By By Sutin Wannabovorn
Reuters

Contributed by Elizabeth Parker & Rachelle Austin
PATTAYA, Thailand
March 28, 1998

The Miss Thailand contest may have won the battle for beauty pageant viewers, but a devoted turnout for the country's first transvestite pageant proved beauty is in the eye of the beholder.

While Thai viewers were glued to their televisions sets on Saturday night to watch the Miss Thailand pageant, the Tiffany Theatre brimmed with cheering fans who came to see who would be crowned the queen of transvestites.

Hundreds of fans burst into wild cheers and applause when the judges anointed Thanaporn Wongprasert as Miss Tiffany 1998, the first transvestite beauty queen.

Thanaporn beat 69 other transvestites who paraded in show costumes, swimsuits and evening gowns during the two-day contest.

Contestants said they felt it important to be able to compete and show off their beauty.

Plastic surgery is not permitted in the mainstream Miss Thailand contest, which has produced two Miss Universe winners in the past four decades.

But for transvestites, it's a necessity.

"Compared to real women, I am confident that many of us are even more beautiful, because we can have plastic surgery to make us as beautiful as we like," Chatarika Issarapakdi, 22, a police department accountant who was one of the five finalists, told Reuters.

"Plastic flowers are sometimes more beautiful than the real ones," said Chatarika, who has already undergone surgery to change his sex organs to those of a woman.

The new Miss Thailand receives many prizes, including 800,000 baht ($21,300) and a luxury car, usually devotes her time to promoting the reputation of the country and often vows to use the money to further her education.

Not so for Miss Tiffany.

"I will spend this money for my beauty," Thanaporn said when asked how the 50,000 baht prize money would be sent.

The judges said that the large number of beautiful contestants made it hard to pick a winner on Saturday night.

"The most difficult point is when we have to pick one out of the final five. Once the beauty is equal we have to use knowledge, intellect and wit as factors to judge them," said chief judge Seri Wongmonta, a well known transvestite and an economist at Thammasat University.

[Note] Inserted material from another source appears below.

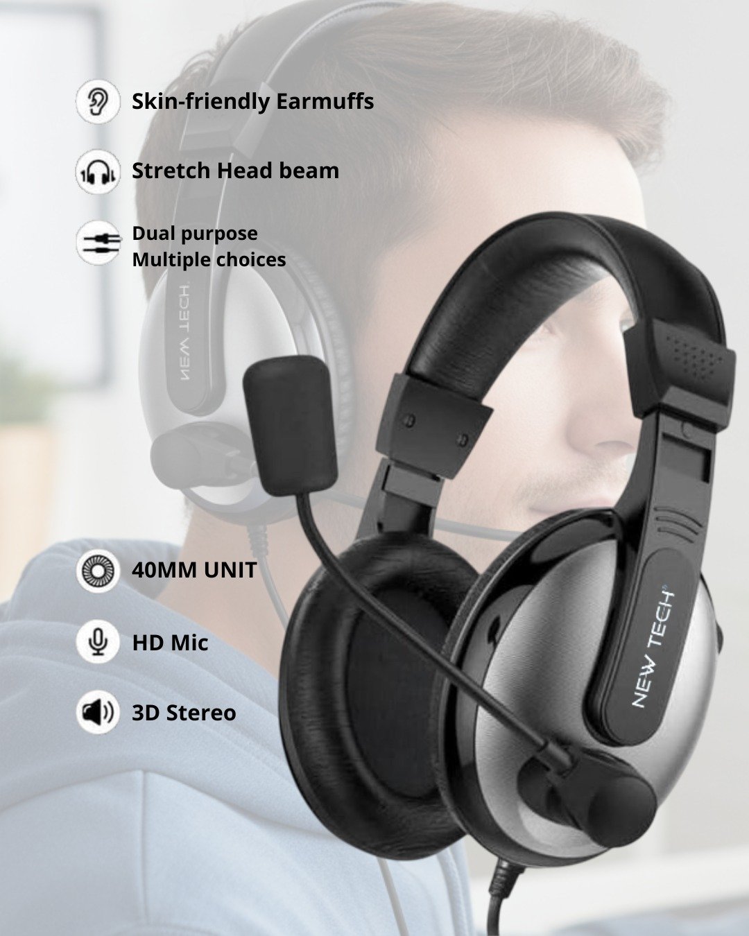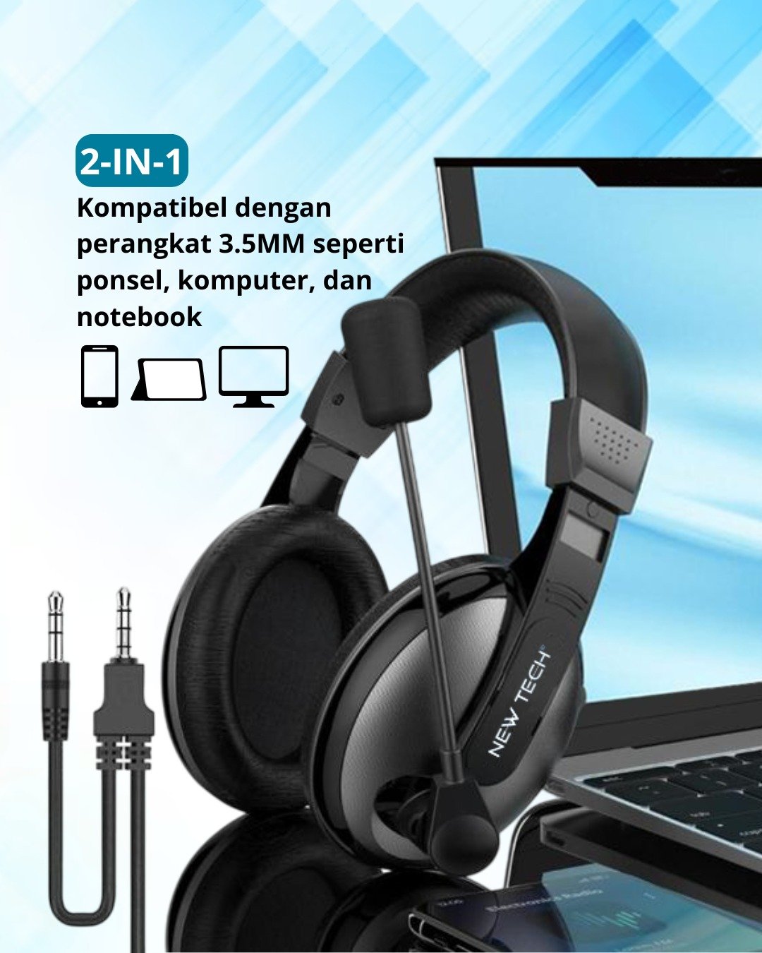 NEWTECH NT-17 Headphone Gaming 2-in-1 dengan Mikrofon HD

Seri said the contest was important as transvestites have contributed a lot to the economy of Pattaya, known to many as Thailand's premier sex and sun resort.

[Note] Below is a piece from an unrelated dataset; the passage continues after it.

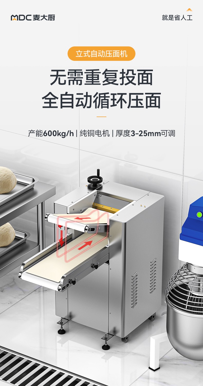 麥大廚自動壓面機商用面皮軋面機揉切壓面機三相自動壓面機

"Many people in Thailand are well aware that the transvestite cabaret shows are very important to the economy of Pattaya, so what we are doing here gets a lot of attention from other people," Seri told Reuters.

About 1,000 tickets costing 500 baht ($1=37.5 baht) each were sold out a week before the contest, and the Tiffany Theatre's 680 seats were quickly filled -- forcing many fans to stand and watch.

More than half of the tourists who come to Pattaya will go to a cabaret show, Seri said.